In the dev/test setup the host conventions are:
- **Subdomain selects the tenant.** Saltcorn's multi-tenant mode uses a
subdomain offset of 1 (`packages/server/app.js`), so the leading label of a
host like `t1.localhost.localdomain:3002` selects the tenant schema `t1`.
- **Issuer comes from `base_url` (or the request host).** There is no automatic
host transform: the issuer is exactly `base_url + "/idp"` when `base_url` is
set, otherwise `<scheme>://<request-host>/idp`. Whatever value results must
match exactly what a relying party used to fetch
`/.well-known/openid-configuration`, so set `base_url` per tenant.
For LDAP, the tenant is encoded in the bind/search DN as an extra
`dc=<tenant>` component immediately before the base DN, e.g.

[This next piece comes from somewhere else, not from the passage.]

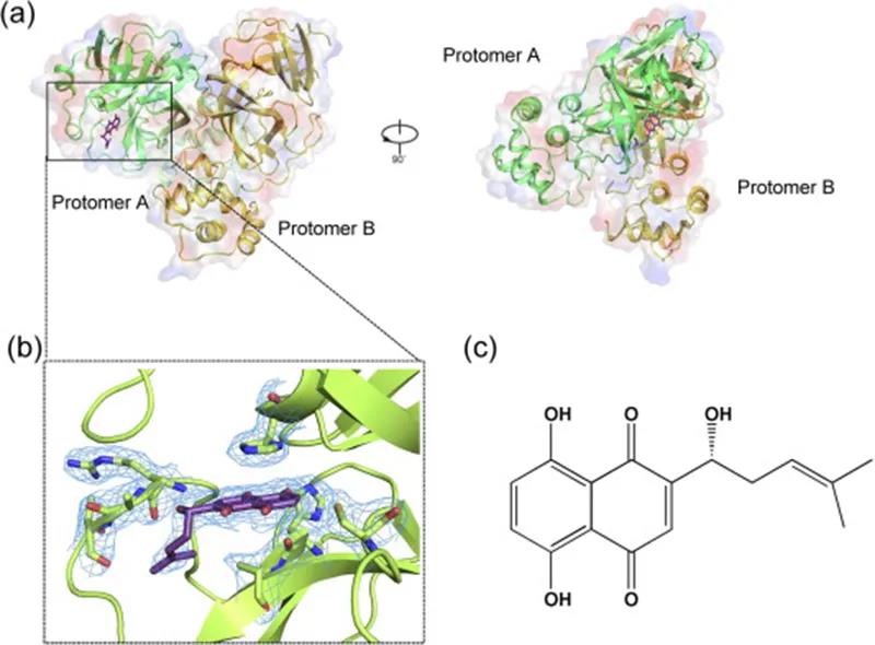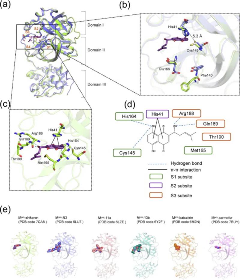 本文揭示中药活性成分紫草素抑制新冠病毒主蛋白酶的分子机制,发现紫草素在结合口袋的结合方式非常独特,不同于现有的小分子抑制剂结合模式,对于针对主蛋白酶这一靶点的药物研发可能有重要意义。
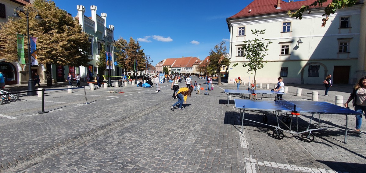 În contrast cu Piața Mare, inundată de acareturile Cibin Fest, Piața Mică liberă de mașini era o oază de liniște, spartă de chiotele celor care în partea dinspre sediul Primăriei se jucau cu ceea ce au adus cei de la Decathlon: arcuri, mese de ping-pong, ceva rachete de badminton, porți de minifotbal cu mingile aferente și așa mai departe.

`uid=admin@t1.local,ou=people,dc=t1,dc=saltcorn,dc=local`. Single-tenant
(SQLite) uses the base DN with no tenant component. See [LDAP](./ldap.md).
## Known issues
### Intermittent PG LDAP bind flake on :1637
On the Postgres multi-tenant instance, the cluster primary process occasionally
does **not** bind the LDAPS listener on `:1637` on a fresh boot. The listener is
simply absent; LDAP authentication is unavailable for that run.
This is distinct from the handled `EADDRINUSE`/`EACCES` retry case. The LDAP
server start path (`lib/ldap/server.js`, `listenWithRetry`) already retries
transient bind failures up to `LDAP_BIND_MAX_ATTEMPTS` (5) with a linear backoff
of `LDAP_BIND_RETRY_BASE_MS` (500ms) x attempt, binding only in the cluster
primary (`isPrimary()`), and logs a loud `LDAP ... UNAVAILABLE` warning on final
failure. The flake observed here is not that path -- it is the primary not
binding `:1637` at all on a fresh boot.
Workaround: restart the PG instance; the listener comes up on the next boot.
Root cause is **unresolved**.
MAIN's LDAPS on `:1636` (SQLite, single-tenant) is not known to exhibit this.